When your Zipper is down……( a short story)

When you initially discover your zipper is down, you go into a quiet but major panic, you immediately  spin around and with one life saving pull its up.

Then you go into a major state of paranoia  wondering  how many people have seen your fruit of the looms.   A thin piece of fabric separates you from some morals charge.  Boxers are especially tricky, there are no flaps nothing and depending on the whim of the fabric your goodies could be out for the world to see. ( unless there is a strong chilly wind a blowin)

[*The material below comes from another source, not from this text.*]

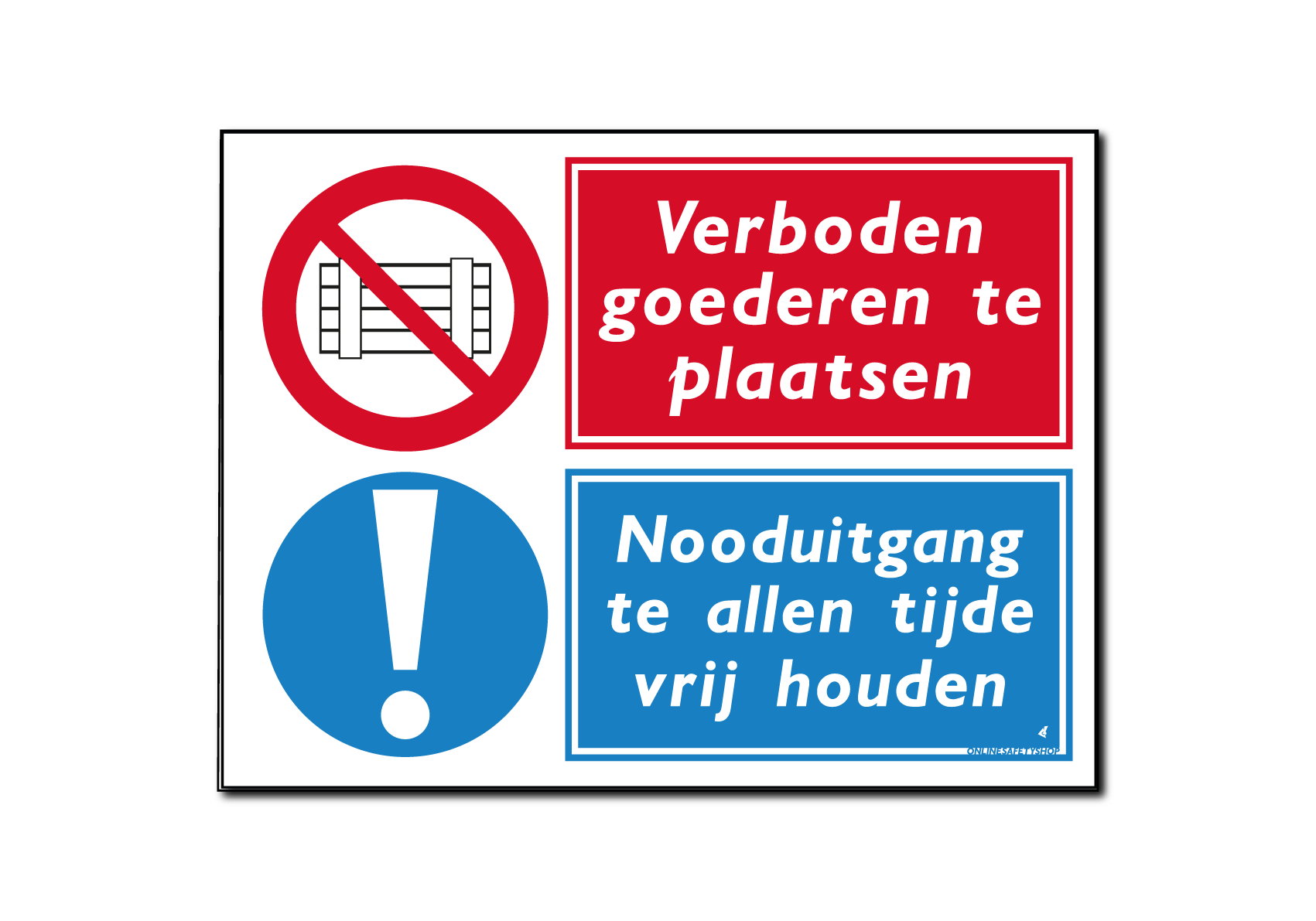 Nooduitgang vrijhouden combi bord en sticker. Onlinesafetyshop.com is de specialist op het gebied van veiligheids- en gezondheidssignalering. We hebben alle middelen in huis om specifieke klantwensen toe te passen op onze producten. Heb je een specifieke maat in gedachten of een pictogram dat er niet tussen staat? Dan gaan we gelijk voor u aan de slag.

I was once onstage with the zipper down…saved by the modesty flap.  No one warned me before I spoke, a lot of men will do the zip motion(we look out for each other that way)…..but not that night. Some of the 1200 hundred people weren’t moved by my speech, they were fixated on the crouch of the man behind the plexiglass(or door number three-major WOW factor!)

After the discovery I didn’t want to mingle, I wanted a distructive earthquake.    I do remember one older lady who kept zipping her mouth.   I thought she thought, my speech was too long……  I now realize in her own way she was telling me to zip up.  In the future  I hope she remembers our zippers are vertical, VERTICAL!




  1. haha! I was alerted to my skirt zipper being down (at the back of my skirt, so how should I have known?) this morning by a lady waiting at the traffic lights with me. I wish she had mentioned it once we were both on the other side of the road already. Ten seconds waiting for the green man have never seemed so long! Mortified!